Dispositivos de proteção
Christina Rodas acredita que o carro em que seu marido e ator foram atingidos não foi equipado com sistemas de segurança, por isso seus passageiros foram feridos incompatíveis com a vida.
A viúva ficou chateada com o veredicto do juiz Philippe Gutiérrez, que não descobriu as ações ilícitas do fabricante de automóveis que levaram à morte de Walker e Rodas, entre as provas apresentadas, e negou seus danos. A Sra. Rodas não vai desistir e, tendo sido recusada no Tribunal Distrital, vai para o Supremo Tribunal.
Um caso semelhante
É digno de nota que o juiz Gutierrez também é encarregado de ouvir o processo da filha de 16 anos, Walker.
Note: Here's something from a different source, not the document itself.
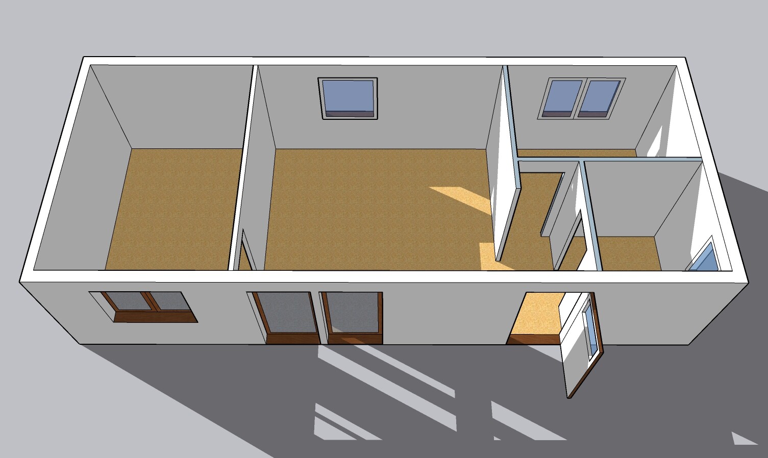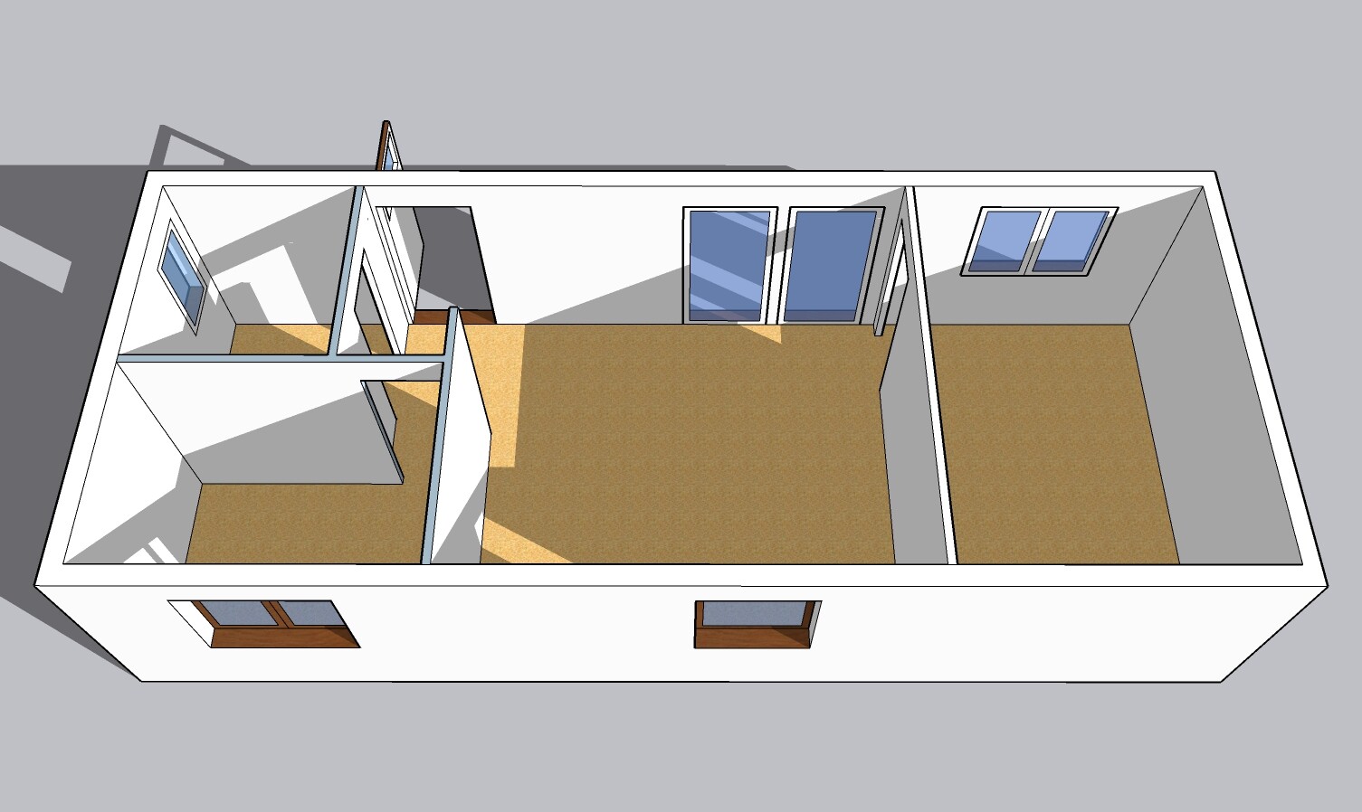 | Výbava: | Nový mobilheim jako holobyt, fasádní lepidlo, vnitřní stěny sádrokarton, dřevěný strop, síla vnějších stěn cca 24 cm (minerální vata + polystyren), podlahy cca 15 cm (minerální vata), střechy cca 24 cm (minerální vata) |

Além da ausência do alegado nível de proteção, Meadow Rain também notou um mau funcionamento técnico, devido a que seu pai foi queimado vivo no Porsche Carrera GT. O cinto de segurança que ele estava usando estava preso e o homem estava preso.
O servo da lei salientou que o veredicto no caso de Christina Rodas não afetará a decisão sobre o processo Meadow Rhine Walker.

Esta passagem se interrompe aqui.